As I said, it was a slim volume and would be incomprehensible to most, unless they knew the code to read it. This was part of the training we had all experienced at the Ostium Network.
Erm, yeah. I didn’t get that bloody training. And I’m pretty sure mum didn’t either. Would’ve been pretty handy. At least I have Zhang to help. Okay. That’s all.
I devoured it in an hour or so. I was planning on recounting the story here, in my chronicle, but instead have decided to keep the volume together with this work of mine, as they both relate strongly to each other. All I will say for now is that I am not the only one who has been screwed over by the Ostium Network and left in whatever time and place they were visiting to fend for themselves and most likely die. Also the most startling thing about the story in this volume, other than the actual book binding being from the future, is the fact that the story of the person traveling through an Ostium door is not taken to a time before my own time here and now, in the eleventh century, but much farther in the future. Specifically the year 1666. A most auspicious year when there was something known as the Great Fire of London taking place.
As you will learn in my Author’s Endnote to this saga, the slim volume talked about was found along with this accompanying chronicle and served as the true genesis for the OStium Sagas: two disparate tales from different times that were inextricably linked together, even if the COnclave does not full know or understand how. Suffice to say the saga after this one will be that slim volume that is talked about. It is reproduced in this volume in its entirety, word for word, even if little to nothing is understood about it. As with this chronicler’s enigmatic note, it is added to the OStium Sagas with the hope that one day we will have one or more members of the Conclave who will be able to not only understand it, but more importantly, translate it so that all in the Conclave at that time will finally understand it, and to use it as a tool for future generations of the Conclave.
Holy shit.

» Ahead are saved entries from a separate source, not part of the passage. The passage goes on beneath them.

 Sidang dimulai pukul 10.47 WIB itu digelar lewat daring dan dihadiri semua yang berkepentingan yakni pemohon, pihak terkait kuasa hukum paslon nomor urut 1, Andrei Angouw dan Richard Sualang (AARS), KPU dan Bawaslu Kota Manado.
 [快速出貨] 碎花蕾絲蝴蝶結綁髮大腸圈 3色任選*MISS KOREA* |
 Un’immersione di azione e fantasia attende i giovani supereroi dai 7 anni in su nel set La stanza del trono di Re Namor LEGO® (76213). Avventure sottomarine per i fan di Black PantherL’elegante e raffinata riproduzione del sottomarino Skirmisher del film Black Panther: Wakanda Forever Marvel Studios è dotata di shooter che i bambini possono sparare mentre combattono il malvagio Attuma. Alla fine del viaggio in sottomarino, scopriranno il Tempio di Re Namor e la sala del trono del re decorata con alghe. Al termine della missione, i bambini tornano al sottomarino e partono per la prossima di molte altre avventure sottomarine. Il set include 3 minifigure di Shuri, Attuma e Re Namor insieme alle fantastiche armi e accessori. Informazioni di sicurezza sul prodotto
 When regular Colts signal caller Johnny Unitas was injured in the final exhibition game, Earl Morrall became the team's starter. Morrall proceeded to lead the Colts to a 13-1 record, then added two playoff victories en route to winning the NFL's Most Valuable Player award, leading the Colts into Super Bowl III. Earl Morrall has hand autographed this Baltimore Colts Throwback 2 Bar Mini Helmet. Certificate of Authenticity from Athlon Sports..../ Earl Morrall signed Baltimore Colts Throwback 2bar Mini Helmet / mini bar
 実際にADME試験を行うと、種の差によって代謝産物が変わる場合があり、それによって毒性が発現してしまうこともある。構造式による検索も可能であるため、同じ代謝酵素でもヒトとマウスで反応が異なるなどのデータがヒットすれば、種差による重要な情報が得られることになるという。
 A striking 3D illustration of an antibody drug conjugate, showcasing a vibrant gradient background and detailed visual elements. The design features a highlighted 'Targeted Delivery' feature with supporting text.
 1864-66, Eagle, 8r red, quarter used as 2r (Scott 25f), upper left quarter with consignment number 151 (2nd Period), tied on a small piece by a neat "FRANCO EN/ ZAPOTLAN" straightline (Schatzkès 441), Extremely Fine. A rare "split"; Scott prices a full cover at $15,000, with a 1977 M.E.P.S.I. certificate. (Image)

That’s all I’m going to say for now: just holy shit.
Even though it had now been decades since I had been abandoned by the Ostium Network, as I’ve said, I created a life for myself. I became part of a family. But at the same time there was still a part of me that felt distant. Different. Like it did not belong. And that feeling has never left me, as much as I have wanted it to.

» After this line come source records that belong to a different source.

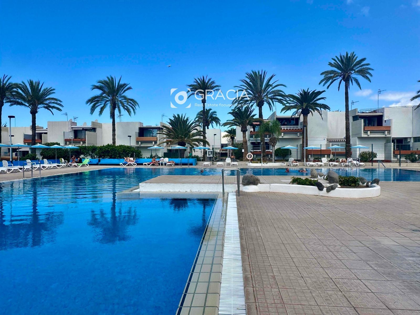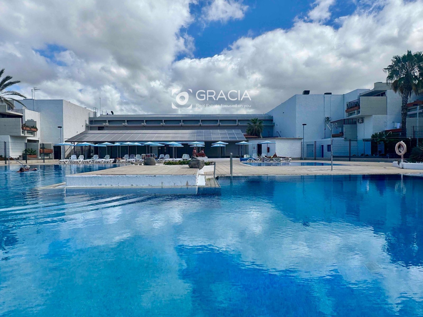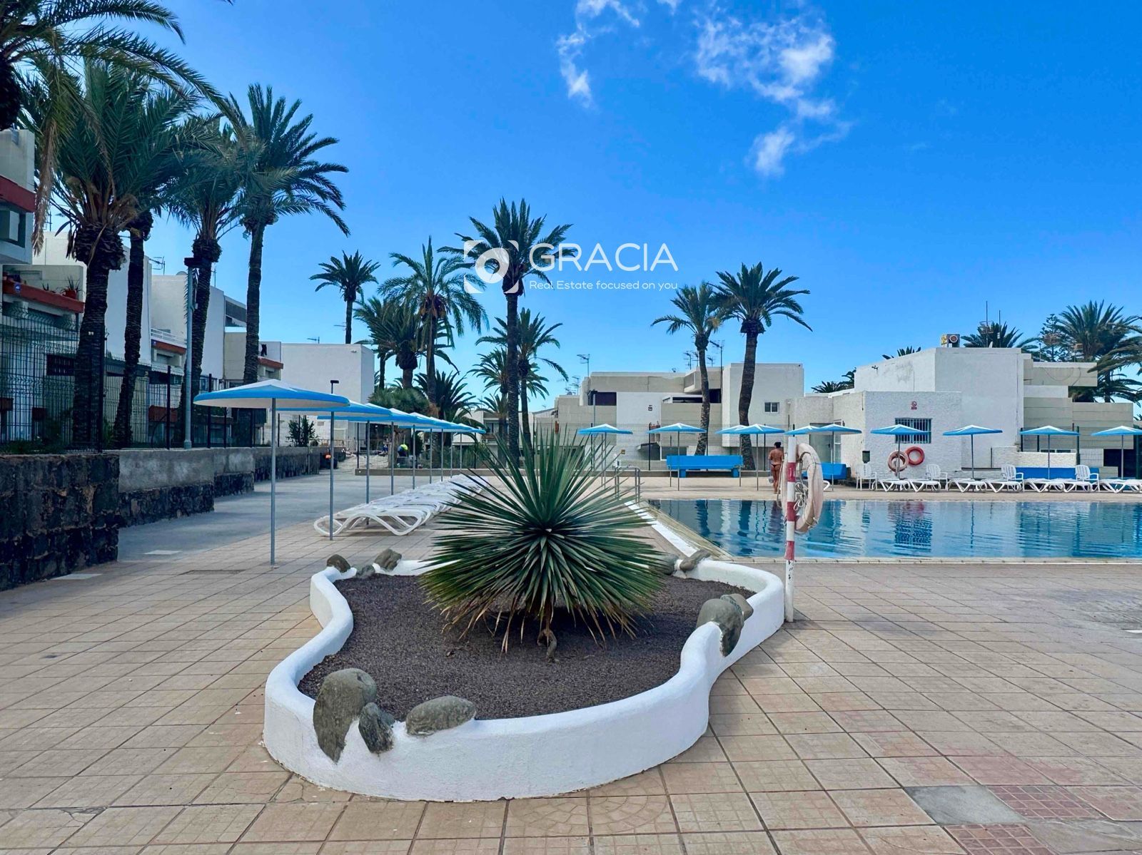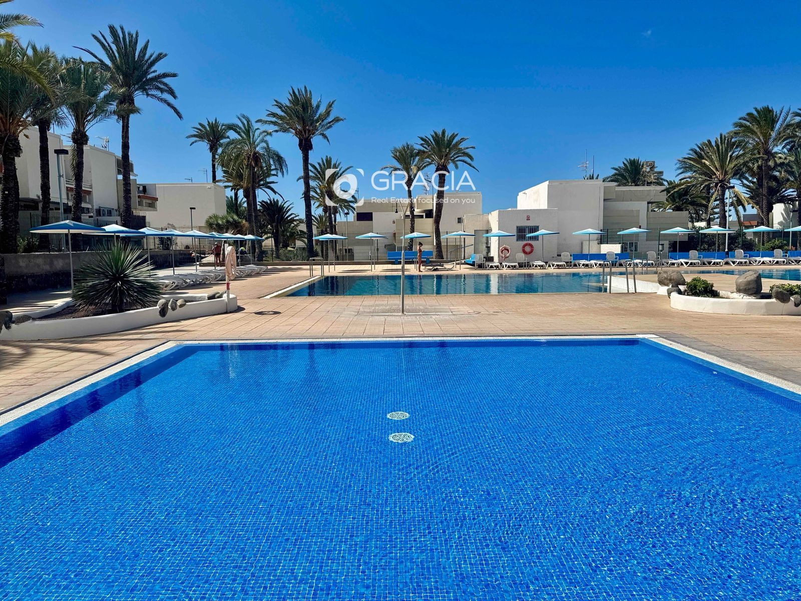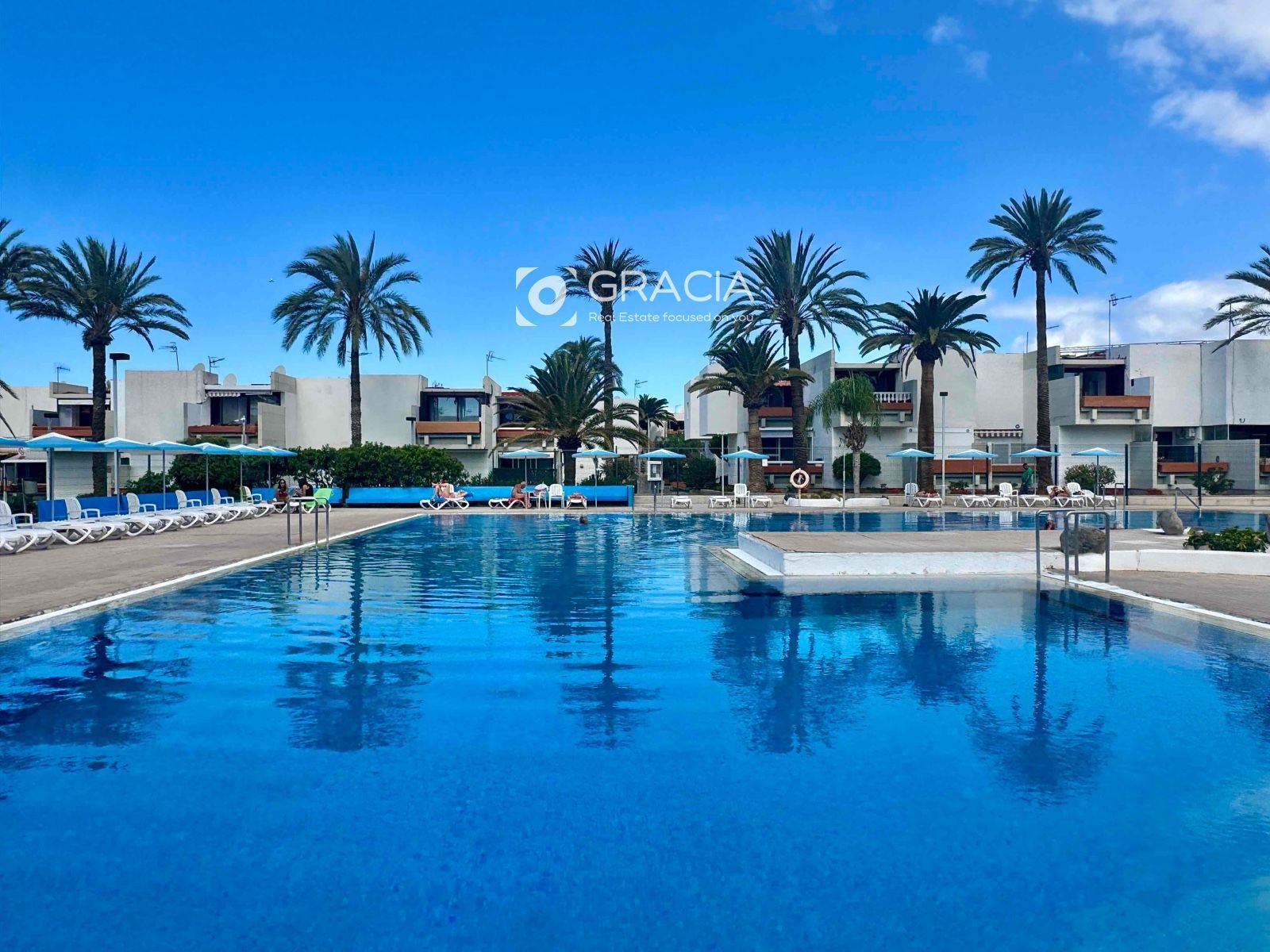 La comunidad se ha renovado también, es agradable pasear por ella, rodeada de jardines verdes y cuidados. Hay una amplia zona de piscinas, con tumbonas y sombrillas, una piscina grande y otra infantil. Es una zona de uso exclusivo de vecinos, con intimidad y muy cuidada.
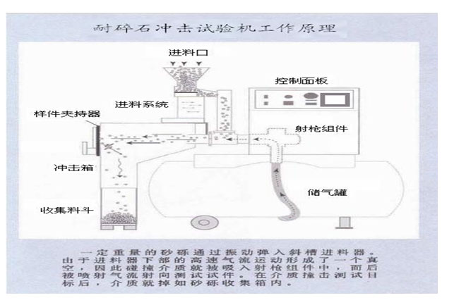 注意:試驗(yàn)前戴好防護(hù)眼罩和防噪耳機(jī)。! (1)首先連接好儲(chǔ)氣罐和沖擊儀 (2)根據(jù)所做標(biāo)準(zhǔn)選擇沖擊箱(角度可調(diào)沖擊箱和3D沖擊箱),如果選擇角度可調(diào)沖擊箱,則根據(jù)標(biāo)準(zhǔn)要求調(diào)節(jié)沖擊角度(45°、54°或90°) 4工作原理 4.1 工作原理圖
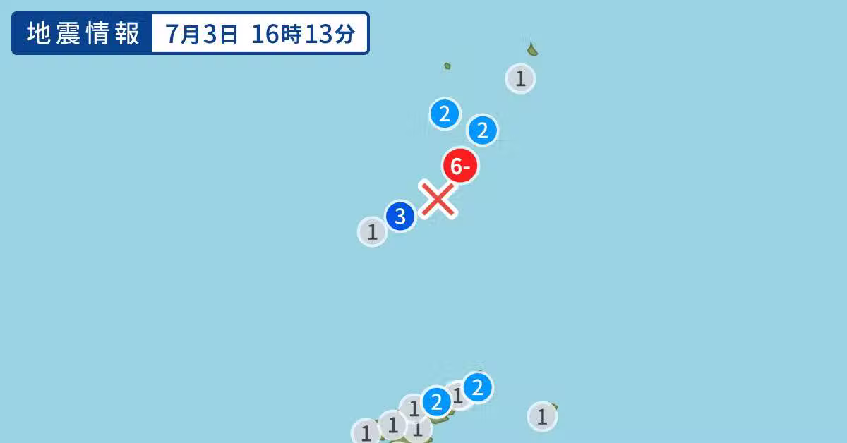 吐噶喇列島位於九州以南、琉球群島以北,近兩周頻繁地震,截至昨(2)日為止共發生近千起,雖然規模、震度幾乎都不大,但仍偶爾會出現規模5以上的地震,居民也都被晃到睡得不安穩,十分苦惱。

But now, reading this other story, of another person, in a very different time from mine who went through the same thing. I won’t say it gives me hope, because that would not be true. But knowing there are others, maybe someone at some time tried to stop them. To change things. This is why I write this chronicle now as I reach my elder years and feel death starting to rear its ugly head and take notice of me.

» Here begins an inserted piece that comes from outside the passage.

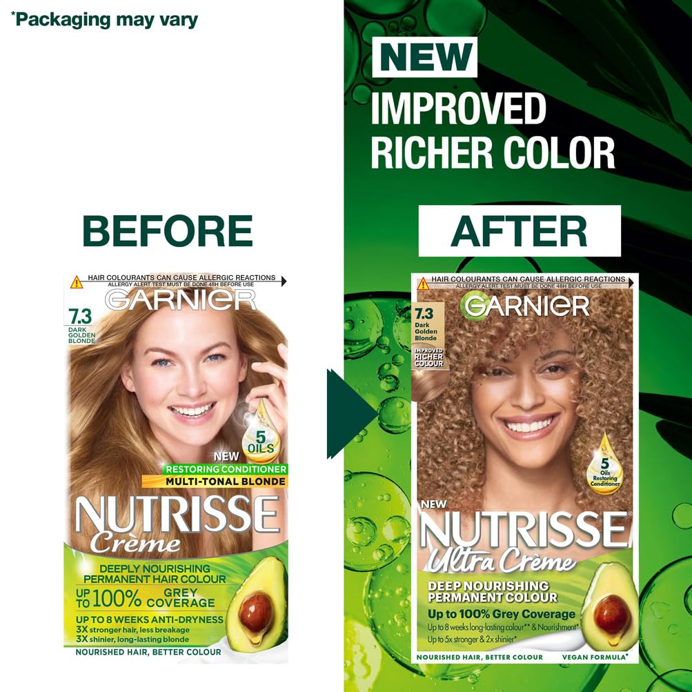 Garnier Nutrisse Ultra Crème Permanent Hair Dye, Up to 100% Grey Coverage, 8-weeks Long-Lasting Colour, No Ammonia, Vegan (Shade: 7.3 Dark Golden Blonde)

But my time is not quite over yet.
The next day I returned to the market looking for the monk and his rickety stall once again, and felt dread descend upon me when I could not find him. But then I did: he was simply in a different location to yesterday. I approached him and asked him about the book. He seemed amused that I should have an interest in words that were complete nonsense, unless I actually understood them? He asked. No, I said, as you say, it is complete gibberish, and yet it still holds a fascination for me, that someone wrote these words that seem to have no meaning. What was their intent? Why did they do it?
The monk had no idea and clearly wanted me gone. I asked where the volume had been found, and he said in a hidden space in the priory that one of the other monks had accidentally discovered it one day. He wasn’t even sure why the small book had been added with the rest of the items for sale. And that’s where he stopped, perhaps wondering if he had said too much; worrying that he may change my mind and I might want to return the book. To quickly put his mind at ease, I asked him if any other volumes of this kind had ever been found. He humored me with this last question and said no. And that was the end of it. I went on my way, never to see him again.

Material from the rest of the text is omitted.